I told myself I would carry the rock every day, and then when I left the SMART facility, I'd take it with me as a reminder of the 140 hours of the outdoors I spent in 5 months...a nice reminder in the future to not put myself back in a place like this. It became important to my routine...something I looked forward to, especially close to the end of my time there. One day, a couple of my friends hid the rock from me and left a ransom note in its place...yes, we were that bored.
One guy asked me what I would do if on my last day the rock was just gone for whatever reason? Would I be upset? I thought about this and about the time invested in it and what it represented to me. And then I said, "Nah, probably not. It IS just a rock, after all."
I do still have it, by the way. It sits right in front of the Buddha candle on my dresser, and every day it reminds me of that time I was "on vacation from life." I also think about that answer I gave, too. To me, that little stone also represents aspects of my material world...not just money and possessions, but also my perceived role and status in life and my public image. It is easy in our society get caught up in trying to find happiness in our things.

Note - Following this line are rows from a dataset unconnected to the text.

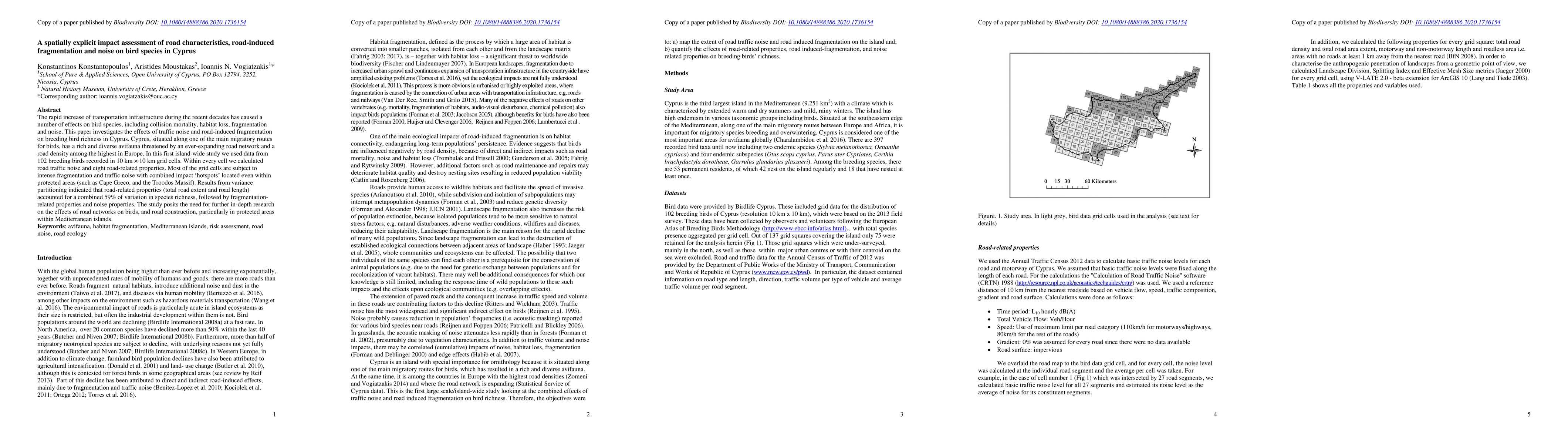 A study in Cyprus found that road noise and fragmentation have a significant impact on bird species richness, accounting for 59% of variation in species richness. The findings highlight the need for further research on the effects of road networks on birds, particularly in protected areas in Mediterranean islands.
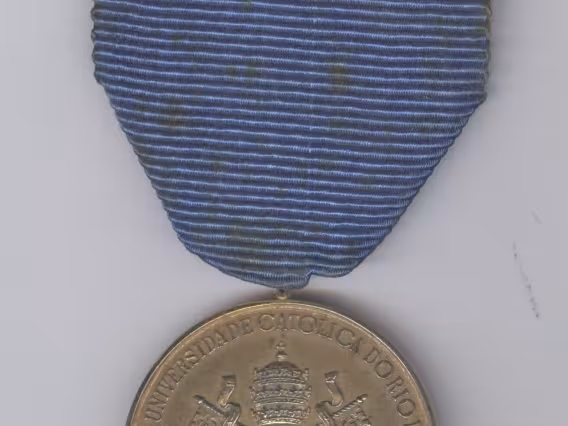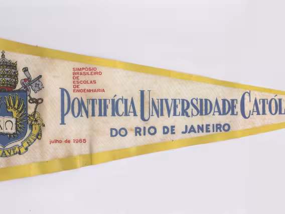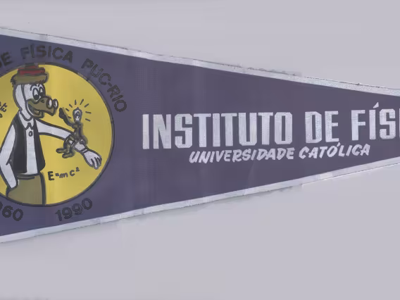 Flâmula comemorativa aos 30 anos do Instituto de Física - 1960-1990. Imagem do prof. Pardal com o Lampadinha.
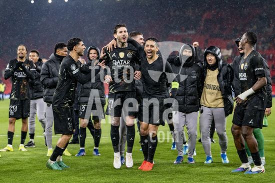 2924974 LIVERPOOL, INGLATERRA - 14 DE ABRIL: Marquinhos, do Paris Saint-Germain, e jogadores do PSG comemoram em frente a torcida apos a vitoria sobre o Paris Saint-Germain pela Liga dos Campeoes da UEFA 2025/26, em Liverpool, no dia 14 de abril de 2026. (Will Palmer/SPP)
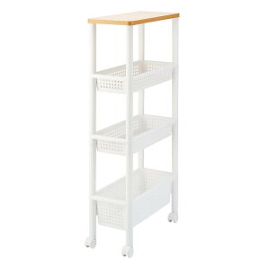 すきまにピッタリ。幅27cmのワイドタイプ4段のワゴンです。●スタイリッシュなホワイトカラーで、キッチンや洗面所などあらゆるシーンでのストック収納におすすめで

And I know that you probably are aware that "money can't buy happiness" and all that shit. However, at least for me, knowing this and living it is retarded hard. I get comfortable with my life and what I think I need in it...my skateboards, clothes, iPod, my reputation in the local comedy scene, my job, my local hangout, my routine. And if I lose one or all of these things, I feel like I lose part of what makes me happy. But yes, Tyler Durden, I am not my job or my skateboard or my reputation. And yes again, it IS only after we've lost everything that we're free to do anything.
But all extreme alter-ego fight cult mantras aside, if I lose that job...if I lose that thing I think makes me happy, I have to realize that no, I make me happy. That regardless of what that lost thing is, it is just a rock, after all.